TASK GOAL
Within the entries below, please return exactly the lines from the one with "Also known as" through the one with "1.高尾绅路获得冠军,结城聪获得亚军。决赛比分:高尾绅路3:2结城聪。棋局: | ||", leaving out any pictures.

DATA FOR ANALYSIS
--------------------

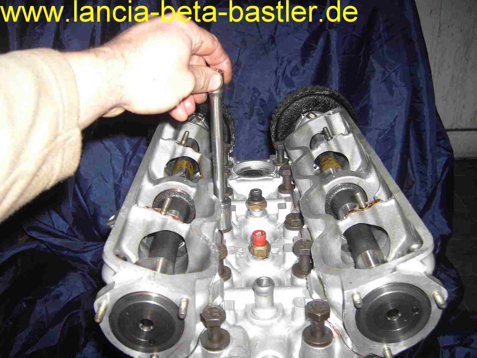 Von der Mitte aus, erst mit 40 Nm und danach mit 85 Nm, ziehe ich den Kopf an. Später, nach der ersten Probefahrt, nochmals im kalten Zustand mit 85 Nm nachziehen. Ist etwas mehr, wie vorgeschrieben, aber so mache ich es, an allen meiner Lancia Beta Motoren, mit Erfolg!
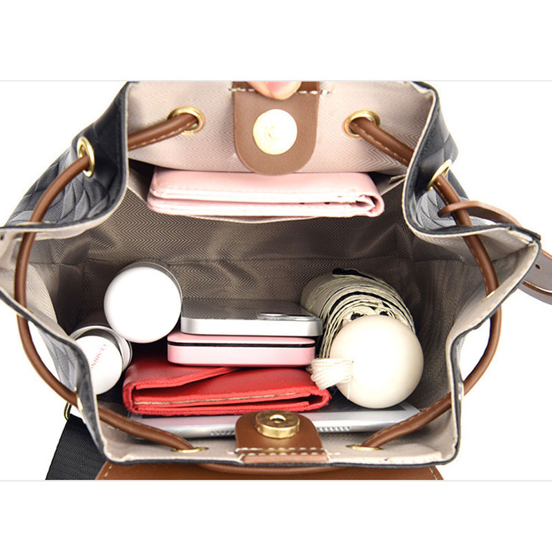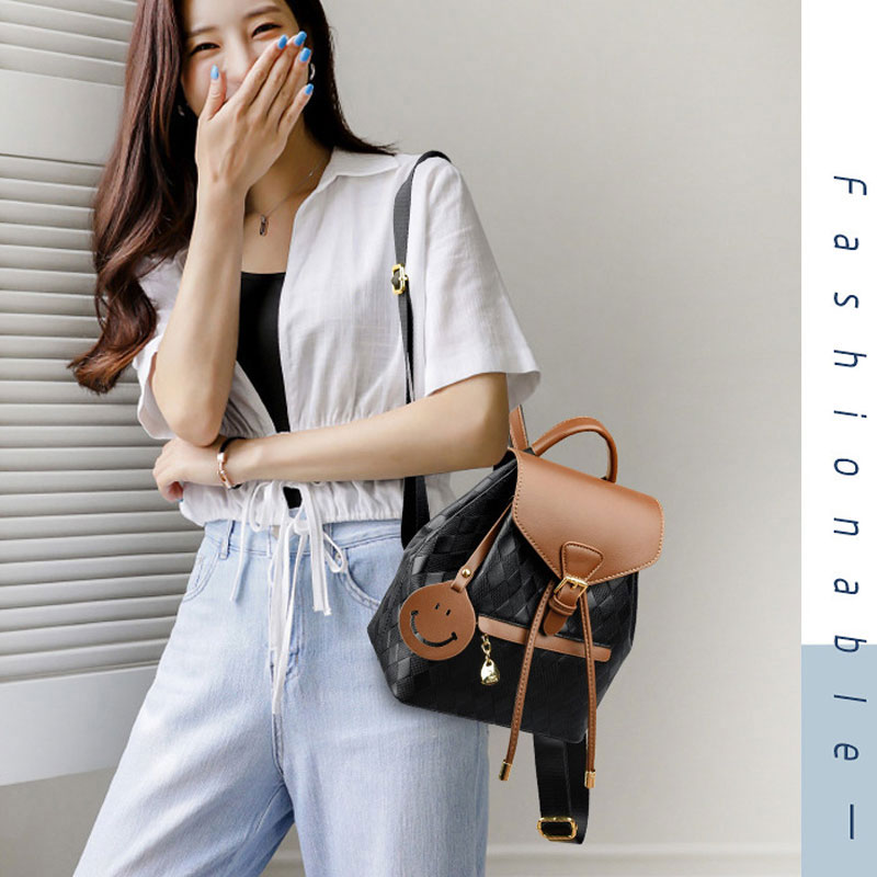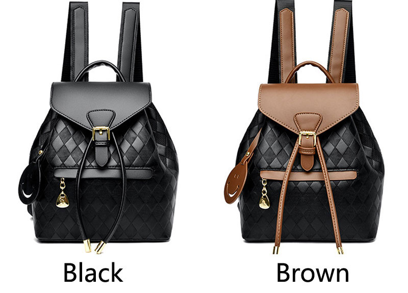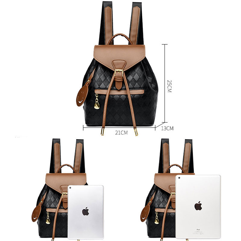 Leisure Single Buckle Lattice PU Leather Purse Daypack For Girl Student Backpack Women's Rucksack
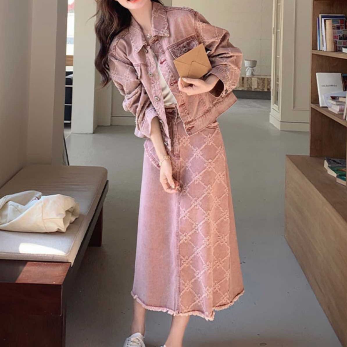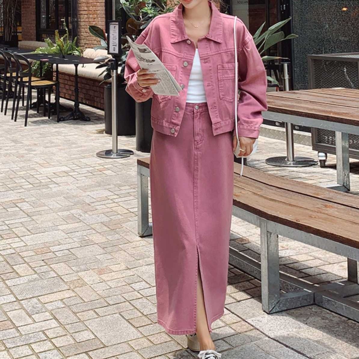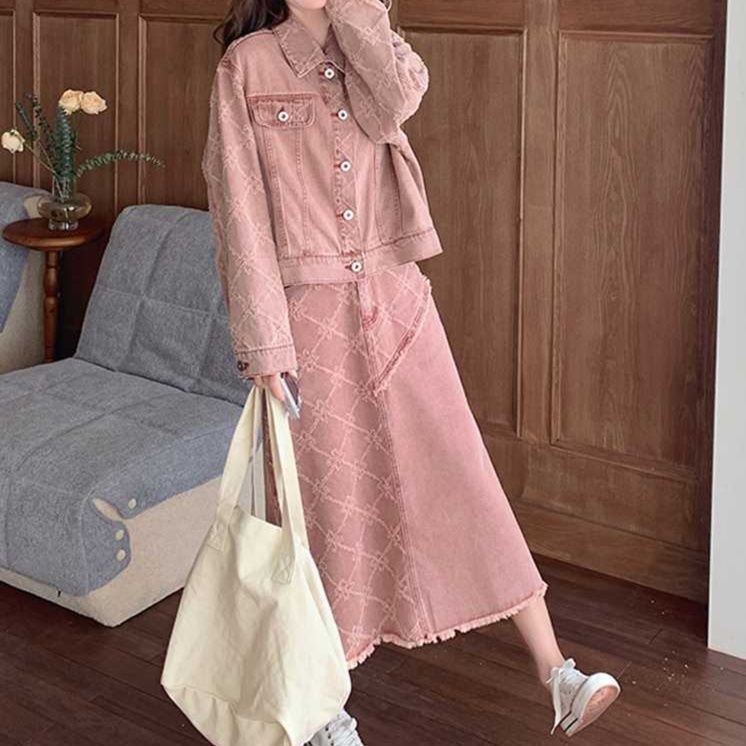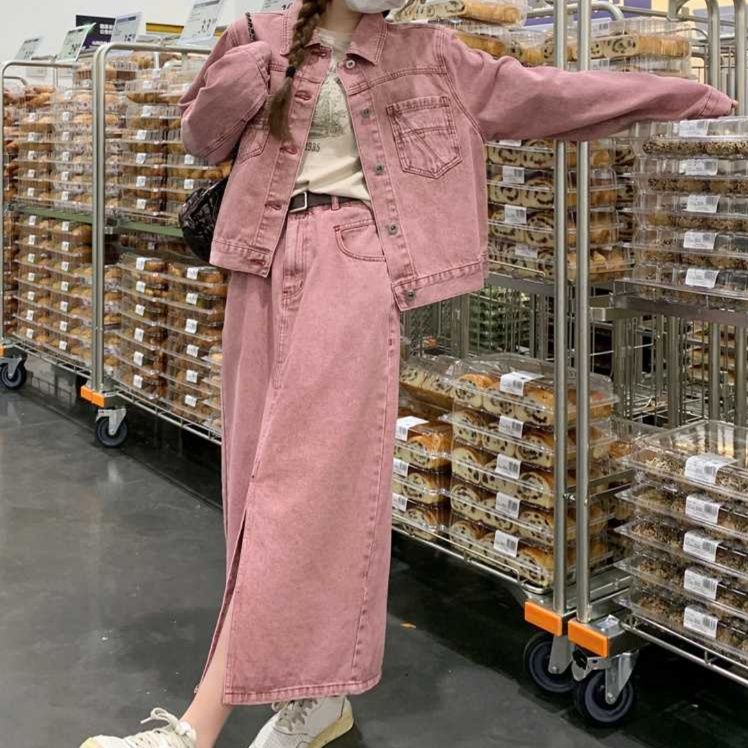 ピンクデニムセットアップ ゆったりシルエットのジャケットとロングスカート
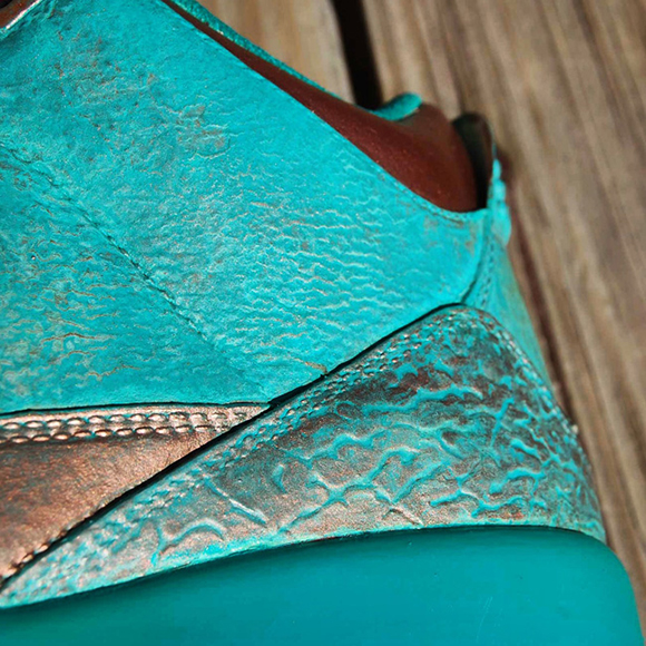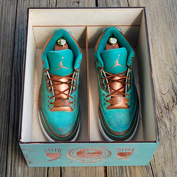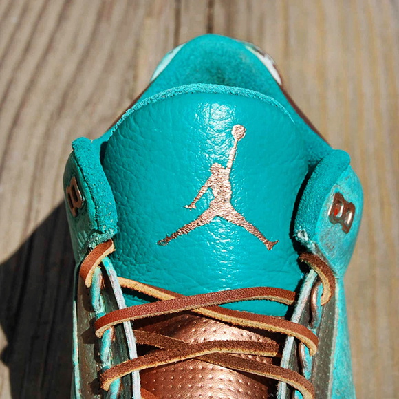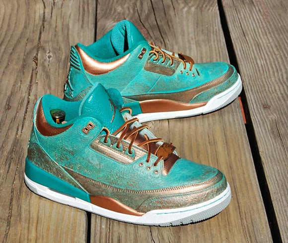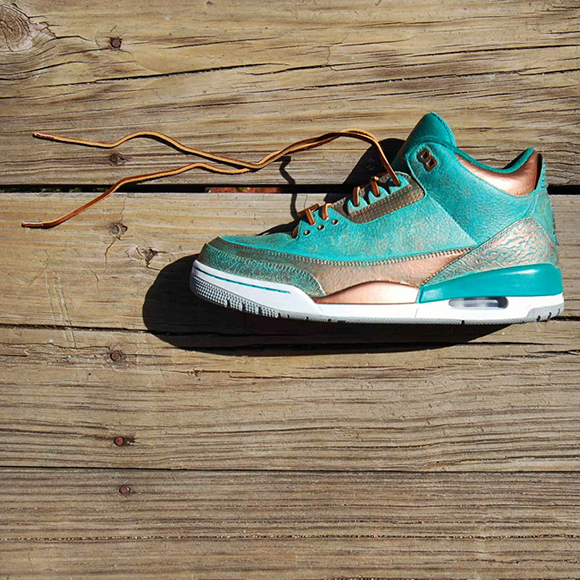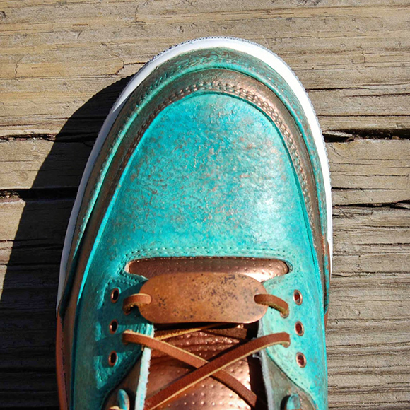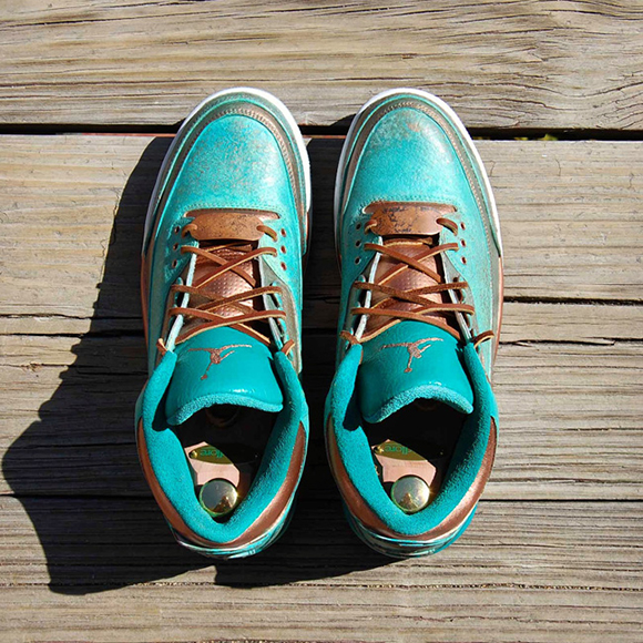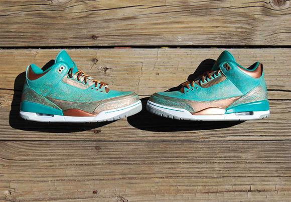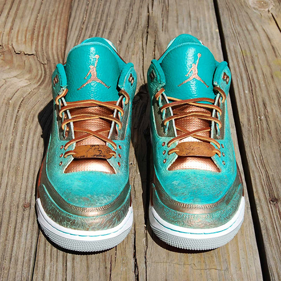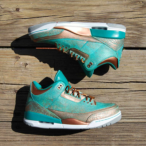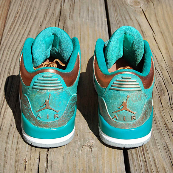 Also known as PaThreena or PaIIIna, the Pa3na Air Jordan 3 Custom uses patina effect across the uppers with overlay effects across the panels. The elephant print is brushed with copper on the surface while the groves have the bluish patina embedded for contrast. A light coat of copper is also used with some of the patina texture to shift in colors once the light hits.
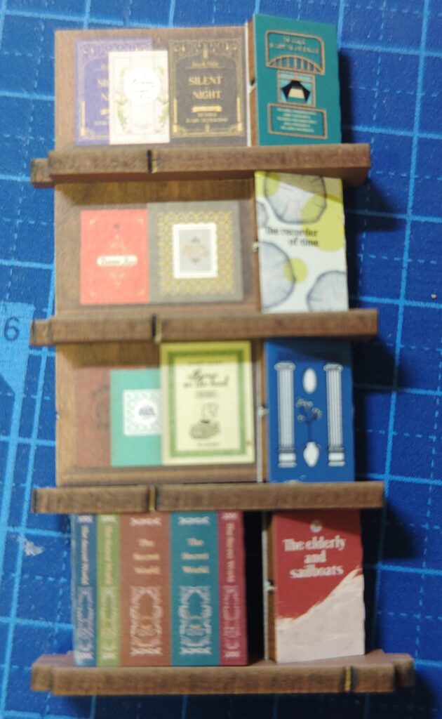 本棚に収まるサイズの箱の中に、街並みや庭、部屋などを再現したミニチュア空間を作るもので、主に木材などの素材が使われています。
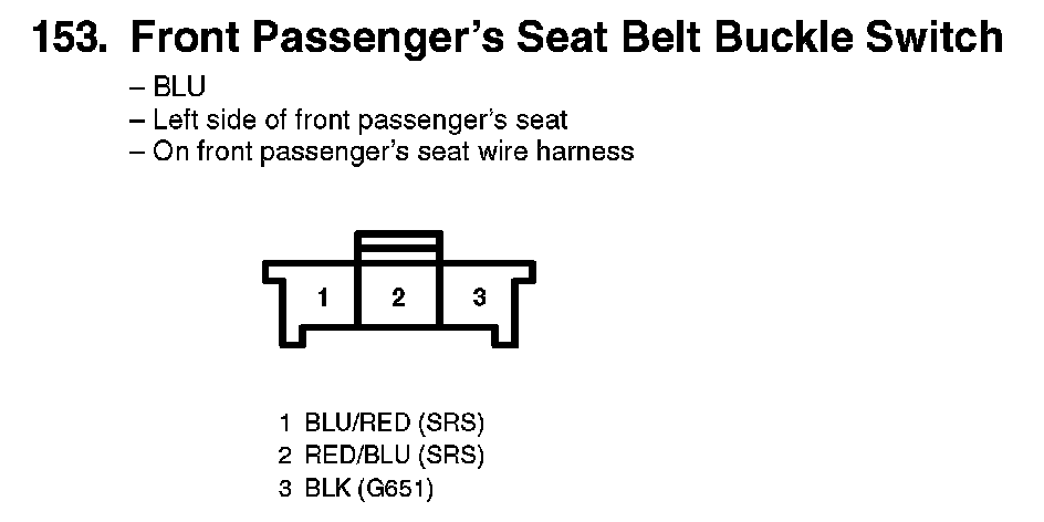 153. Front Passenger's Seat Belt Buckle Switch:
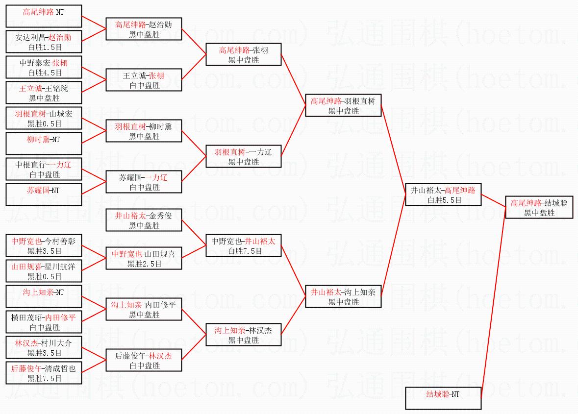 | 1.高尾绅路获得冠军,结城聪获得亚军。决赛比分:高尾绅路3:2结城聪。棋局: | ||
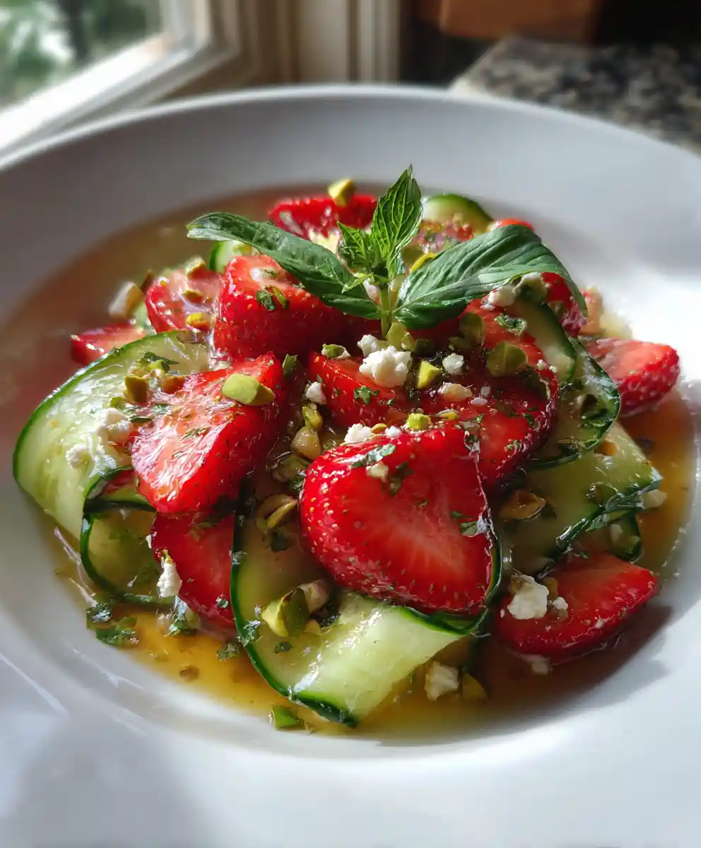 This Strawberry Cucumber Salad isn’t just a refreshing treat; it’s a carefully balanced combination of flavors and textures. The coolness of the cucumber provides a soothing base, while the sweetness of the strawberries offers a delightful contrast. The basil-honey lime dressing elevates the salad with its bright, herbaceous, and tangy notes. The slight acidity from the lime and apple cider vinegar cuts through the sweetness, preventing it from becoming cloying. The pistachios add a satisfying crunch and a subtle nutty flavor, while the optional feta introduces a creamy, salty element that complements the other ingredients beautifully. This salad is a prime example of how contrasting flavors can harmonize to create a truly memorable culinary experience.

--------------------

RESULT OF THIS TASK
 Also known as PaThreena or PaIIIna, the Pa3na Air Jordan 3 Custom uses patina effect across the uppers with overlay effects across the panels. The elephant print is brushed with copper on the surface while the groves have the bluish patina embedded for contrast. A light coat of copper is also used with some of the patina texture to shift in colors once the light hits.
 本棚に収まるサイズの箱の中に、街並みや庭、部屋などを再現したミニチュア空間を作るもので、主に木材などの素材が使われています。
 153. Front Passenger's Seat Belt Buckle Switch:
 | 1.高尾绅路获得冠军,结城聪获得亚军。决赛比分:高尾绅路3:2结城聪。棋局: | ||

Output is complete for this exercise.